Чудится, нет ничего, что он не сделал бы ради Серджио! Этот человек, лишенный возможности иметь законного сына, всю любовь своего сердца перенес на сына духовного.

Видимо, долгие годы общения и взаимной расположенности сделали лица моего нового друга и его наставника весьма схожими. Правда, в чертах Серджио еще жива полудетская мягкость и некоторая неопределенность, в то время как жизнь придала лику отца Филиппо сухость и четкость: оно чудится словно бы изваянным многовековой традицией служения Христу. Однако разрез глаз с чуть опущенными внешними уголками делает их сходство разительным. Впрочем, это обычный разрез глаз для римлянина, и когда появился монсиньор Джироламо, я в этом убедился вновь…

Нет, о знакомстве с ним напишу позже, ибо оно было той ложкой дегтя, которую внезапно подлили в бочку меда, изрядно его подпортив, как и следует быть. Признаюсь, писать о нем мне вовсе не хочется. Вернусь лучше к отцу Филиппо.

Антонелла ревнует к нему Серджио, который любит этого необыкновенного человека, будто родного отца. Но она никогда не видела отца Филиппо вблизи. Антонелле как женщине не дано участвовать в приватной беседе с ним, внимать его суждениям, таким простым, доходчивым и человечным:

– Итальянец обожает Бога теми же струнами своего сердца, которыми он боготворит свою возлюбленную. Однако в этой любви заключена немалая доля страха. Бог для нас – это и отец, и судия, и первопричина всего – не только окружающего мира, но и всех наших чувств.

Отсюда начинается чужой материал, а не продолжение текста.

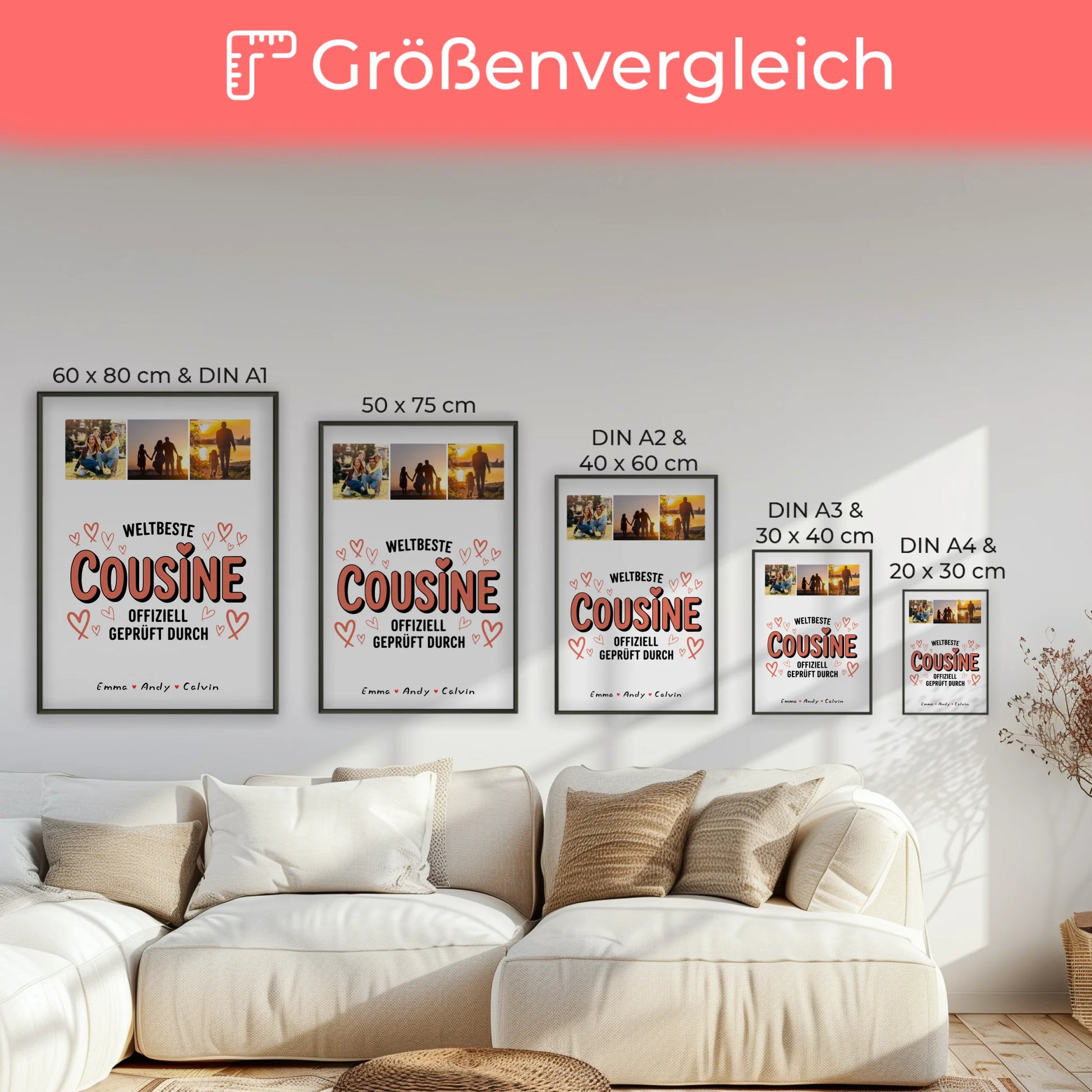 Personalisierbares Poster Cousine Fotocollage Weltbeste Cousine Offiziell Geprüft Durch - Das perfekte Geschenk für deine Cousine

– Любовь – от Бога… – пробормотал Серджио.

Отец Филиппо взглянул на меня искоса:

– Здесь молодежь до тридцати лет живет исключительно чувствами. Для них любовные горести – это корь души. Корью надо переболеть чем раньше, чем лучше. Я же говорю, – он наставительно воздел палец, – о высшем проявлении любви!

Тут я решил показать свою образованность и поведал о восхищении, кое вызвало у меня созерцание скульптурной группы Бернини «Экстаз святой Терезы», виденной в церкви Санта-Мария делла Виктория. Святая изображена в экстазе божественной и в то же время такой естественной любви: этот прелестный юный ангел со стрелой в руке как будто хочет обнажить ей грудь, чтобы пронзить сердце. А как он смотрит на измученную любовью женщину!

– Какое божественное искусство! – пылко воскликнул я. – Какое сладострастие!

Отец Филиппо слегка качнул головой, и в чертах его появилась печаль.

– Какая жалость, – сказал он негромко, – что эти статуи легко могут вызвать мысль о мирской любви!

Я заметно смутился тем, что позабыл, с кем общаюсь. Отец Филиппо мгновенно почувствовал мою неловкость.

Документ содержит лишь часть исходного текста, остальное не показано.